Случится проявить недостаточную корректность – современная разболтанность! Выскочишь на улицу без перчаток или с непокрытой головой – мещанские привычки! Подойдешь с земным поклоном к иконе или под благословение к священнику – от этого веет монашеством! Вернешься домой на полчаса позже назначенного времени – ты совершенно по-советски не считаешься с требованиями старших! Расплачешься над книгой – оказывается, ты барышня из романа Чарской! А уж назвать Лелю Лелькой, а ей меня Аськой – это не приведи Бог – чисто пролетарская привычка, непозволительная упрощенность. Вот так и вертись целый день между постоянными выговорами и запретами.

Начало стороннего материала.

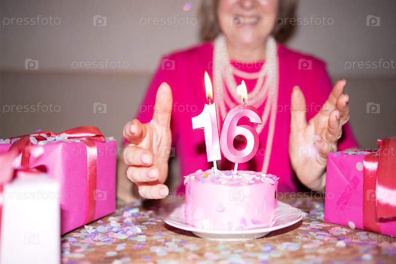 Женщина празднует свой 16-й или 61-й день рождения с розовым тортом и свечами, окружена розовыми коробками для подарков и красочными конфетти на украшенном столе

4 апреля. Сегодня Леля сказала мне, что узнала теперь, откуда берутся дети, но ни за что не захотела рассказать мне. Еще недавно я была совсем глупа и думала, что для этого достаточно чувства любви или даже любовного письма, но теперь я уже понимаю, что все происходит от инфузории, которая должна попасть в женщину. Это, наверно, делается от очень длинного поцелуя в губы. Я потому так думаю, что во всех стихах и романах о поцелуе говорится как о чем-то завершающем, соединяющем и немного опасном, а родители запрещают девушкам целоваться до свадьбы. Отцы и мужья даже на дуэль вызывают мужчину, который поцеловал чужую жену или дочь. Это все, все из страха инфузории – теперь мне совершенно ясно и, конечно, я до замужества никогда не буду целоваться с мужчинами. Одна неосторожная минута и – трах! – беременность, а бабушка меня, наверно, тотчас из дому выгонит. Хорошо, что от поцелуя с Валентином Платоновичем… ничего не случилось!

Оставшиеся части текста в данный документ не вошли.